Masuknya mikroplastik ke dalam tubuh bukan cuma lewat udara. Menurut Reza, sumber mikroplastik yang masuk ke tubuh utamanya melalui air mineral dalam kemasan (AMDK), kedua dari udara, dan terakhir melalui makanan seperti biota laut.
Berdasarkan data Badan Pusat Statistik pada 2016, sebanyak 31,3% masyarakat Indonesia mengonsumsi air minum dari AMDK. Jumlah ini merupakan yang tertinggi dibandingkan sumber konsumsi air lain seperti air ledeng, pompa, sumur, air hujan, mata air, dan lain-lain.
Menurut data tersebut, apabila dihitung sesuai populasi masyarakat, pada 2016 sekitar 81,88 juta jiwa masyarakat Indonesia mengonsumsi AMDK. Padahal berdasarkan studi Mason dkk pada 2018 mengenai AMDK, sebanyak 93% dari 259 sampel botol AMDK yang diambil dari berbagai negara, termasuk Indonesia, mengandung mikroplastik.
Mason dkk mengambil sampel AMDK di Medan, DKI Jakarta, dan Bali.
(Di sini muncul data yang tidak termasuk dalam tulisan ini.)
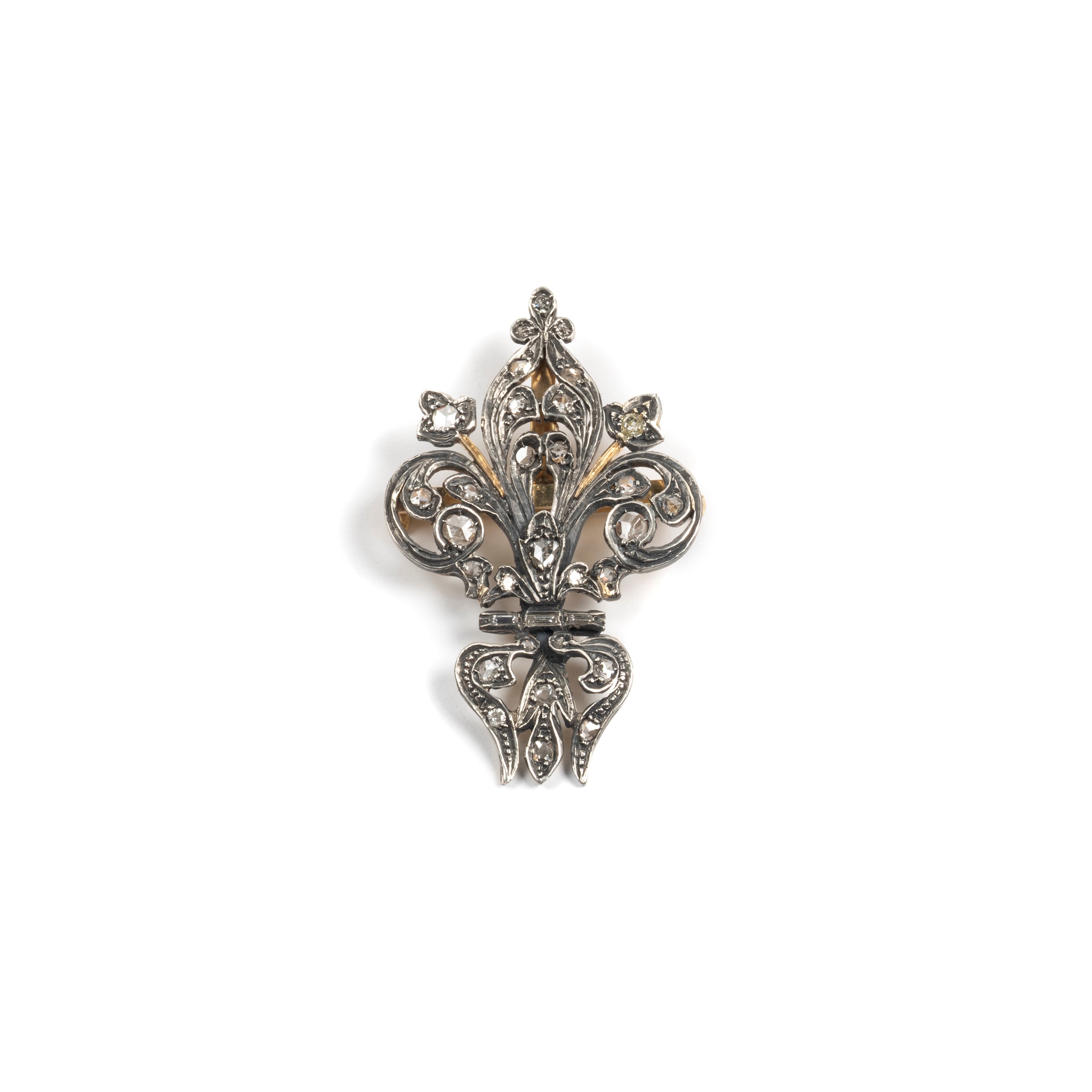 realizzata a forma di giglio, decorato con diamanti, taglio rosa, taglio baguette e taglio antico cm 6,5X4, g 22
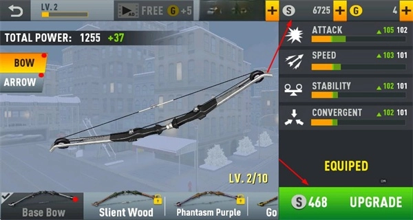 进入武器界面后,通过消耗资源对装备进行升级,可以提升攻击、速度等各项属性,从而增强在对战过程中的输出能力与生存能力。
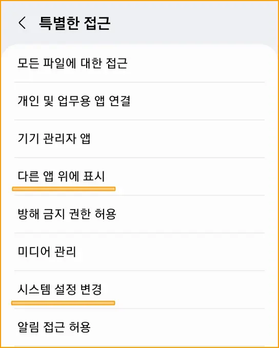 ▲ [다른 앱 위에 표시] 우선 설정한 후에 [시스템 설정 변경]을 할 것입니다. 우선 [다른 앱 위에 표시] 먼저 선택해 주세요.
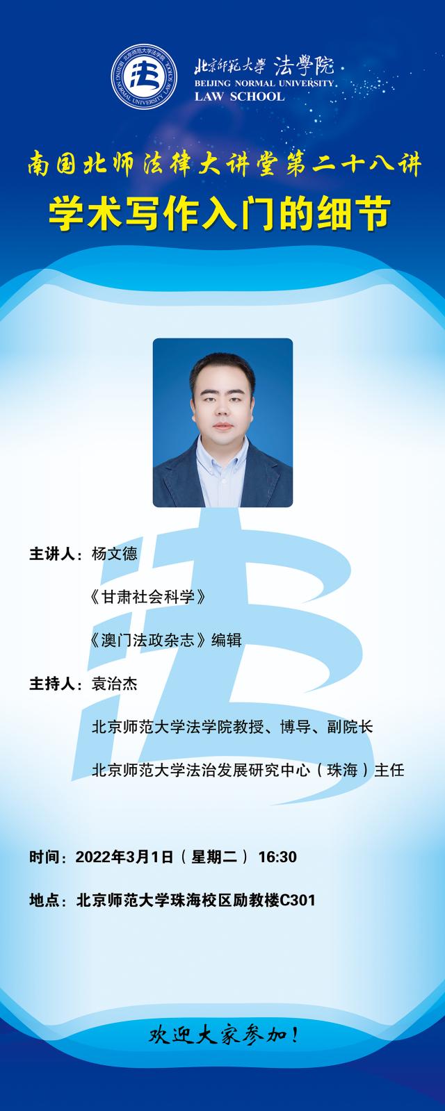 【02.28】南国北师法律大讲堂第二十八讲:学术写作入门的细节/主讲人:杨文德
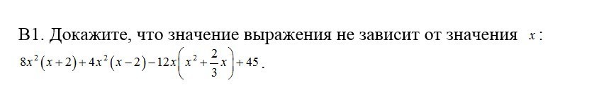 8x²*(x+2)+4x²*(x-2)-12x*(x²+(2/3)*x+45=8x³+8x²+4x³-4x²-12x³-4x²+45=45.
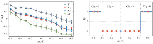 测量到的高对称点自旋态分布以及对应的能带陈省身拓扑数与理论计算相符
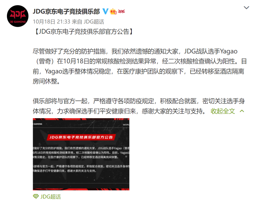 而LPL的这三支队伍,实力最强、状态最好的毋庸置疑,一定是JDG,不仅完成了对DK的双杀,同时也是以小组第一晋级8强。并且在EDG、RNG已经6人确诊的情况下,JDG还没出现这种情况,所以几乎所有LPL观众都希望JDG能逃过一劫,但万万没想到,JDG最终还是中招了,就在这天晚上JDG的官博传来坏消息,中单选手yagao核酸检查结果确定为阳性,目前已经进行隔离。
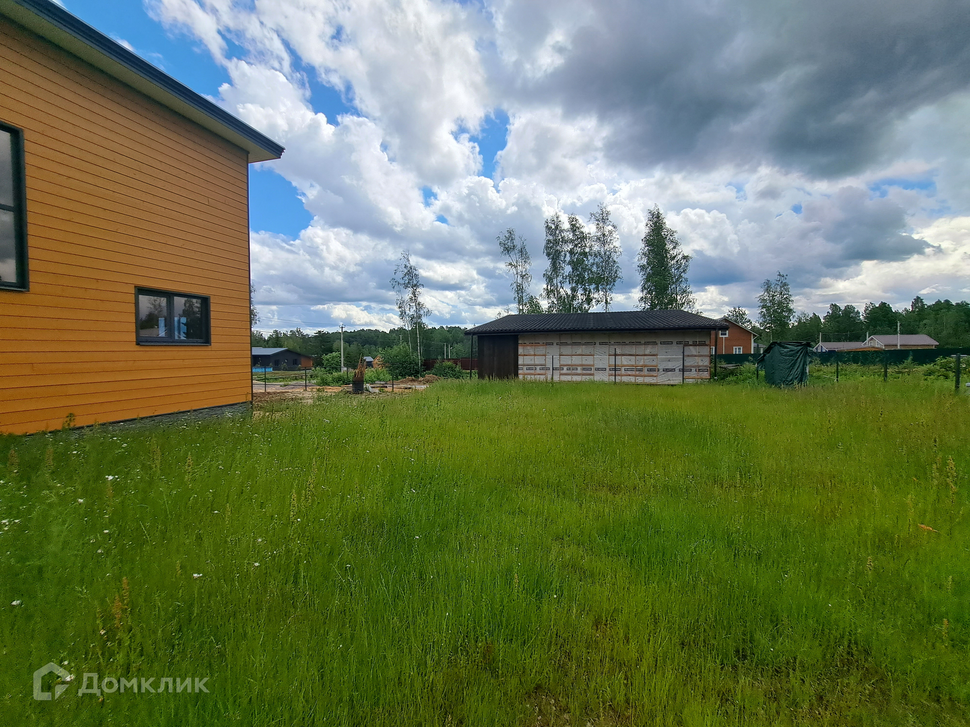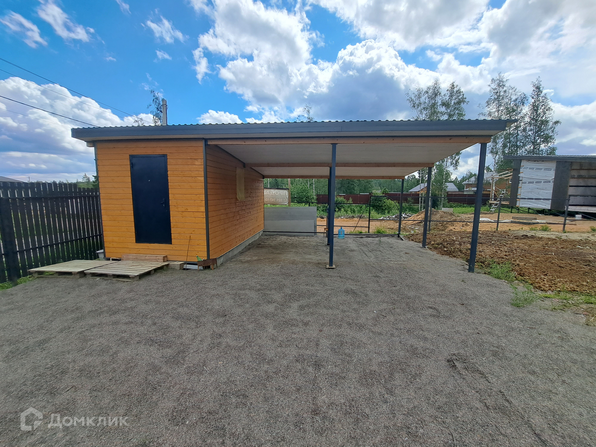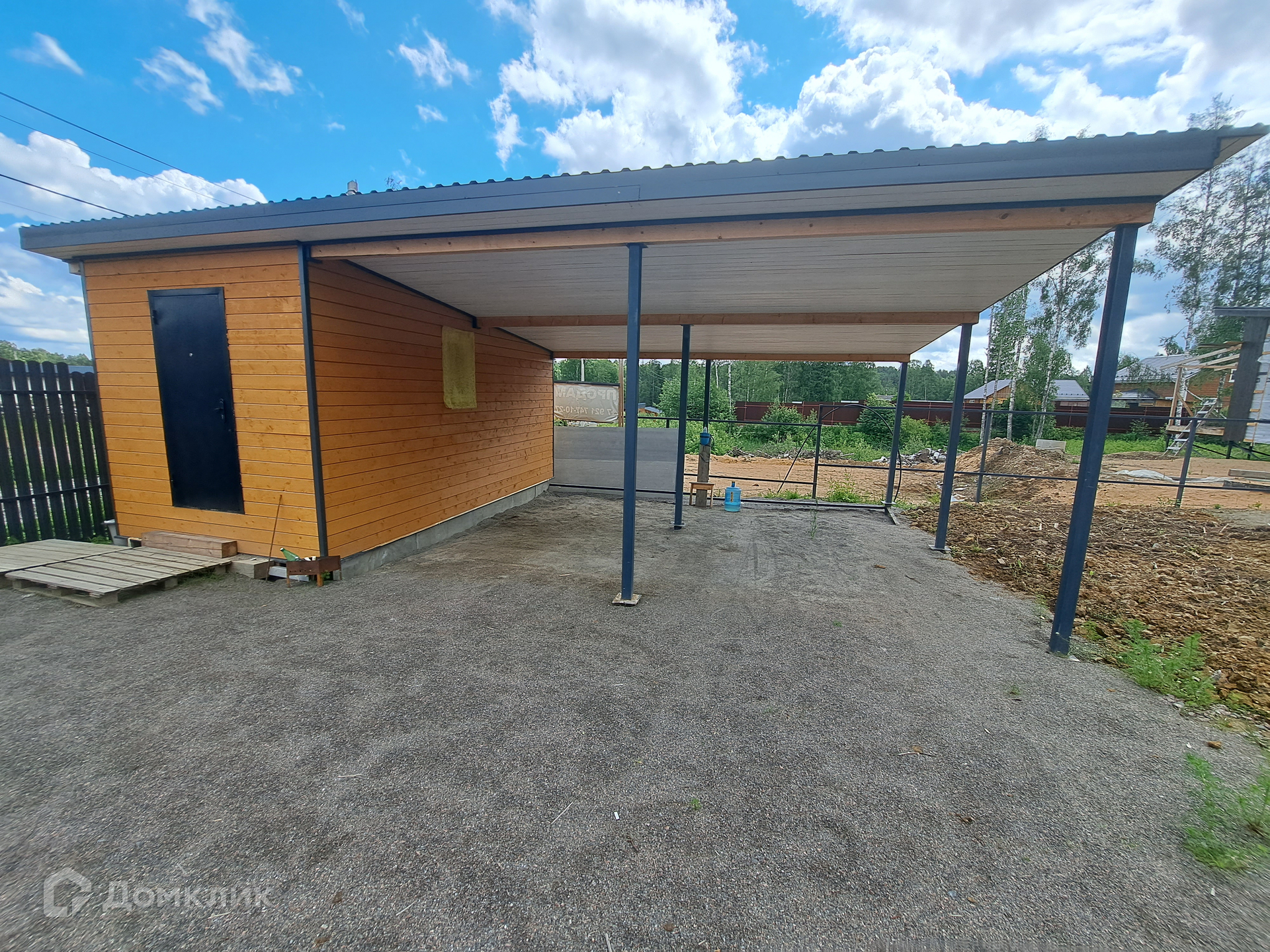 Дополнительно на участке построен хозблок с навесом для двух машин ( по каркасной технологии, утеплён и обшит имитацией бруса в стиле дома).
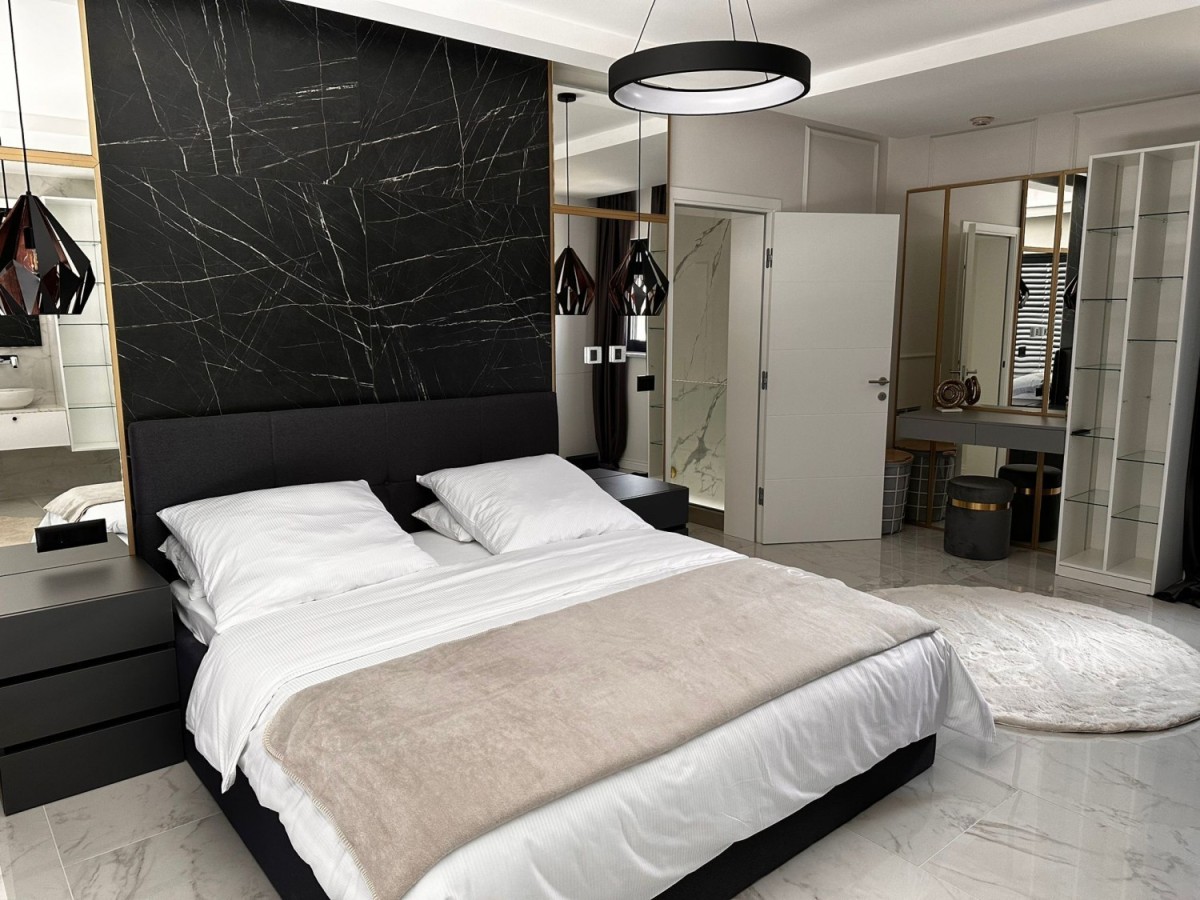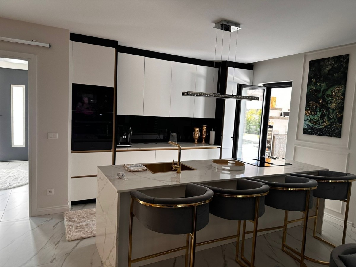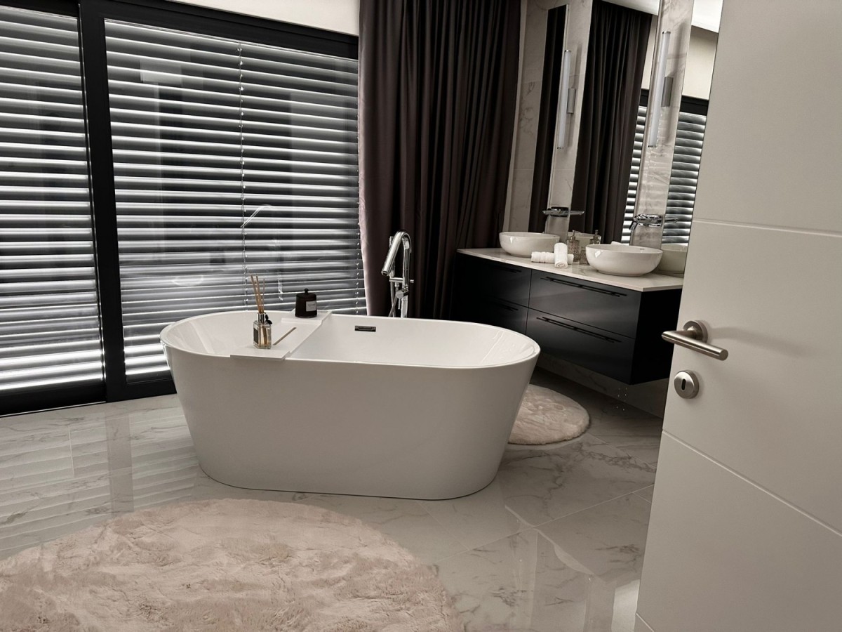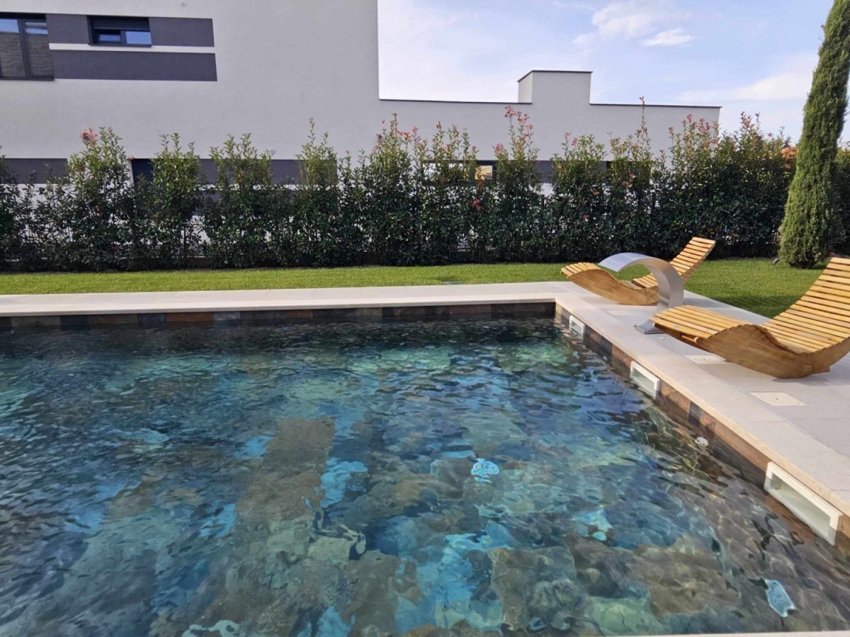POREČ- luksuzna vila na mirnoj lokaciji, ca 2 km od Poreča i mora- Vila ima 360 m2 bruto površine- sastoji se od dnevnog boravka sa kuhinjom i blagovaonom, 4 spavaće sobe, 5 kupatila, wc za goste, ljetne kuhinje i prostrane terase sa pogledom na more- kuća se prodaje kompletno namještena i opremljena- uređena okućnica sa automatskim navodnjavanjem i grijanim bazenom sa slanom vodom od 45 m2- aluminijska stolarija- alarm i video nadzor- grijanje: podno grijanje, dizalica topline.

Hasilnya, AMDK di tiga kota tersebut mengandung mikroplastik dengan ukuran 6,5–100 mikron sejumlah 3.722 partikel di Medan, 133 partikel di Jakarta, dan 4.713 partikel di Bali.
Berdasarkan riset terbaru Laboratorium Kimia Anorganik Universitas Indonesia dan Greenpeace Indonesia pada September 2021, ditemukan partikel mikroplastik berukuran rata-rata 25,57 mikron sampai 27,06 mikron di air minum dalam kemasan galon sekali pakai. Kandungannya 80 juta–95 juta partikel per liter.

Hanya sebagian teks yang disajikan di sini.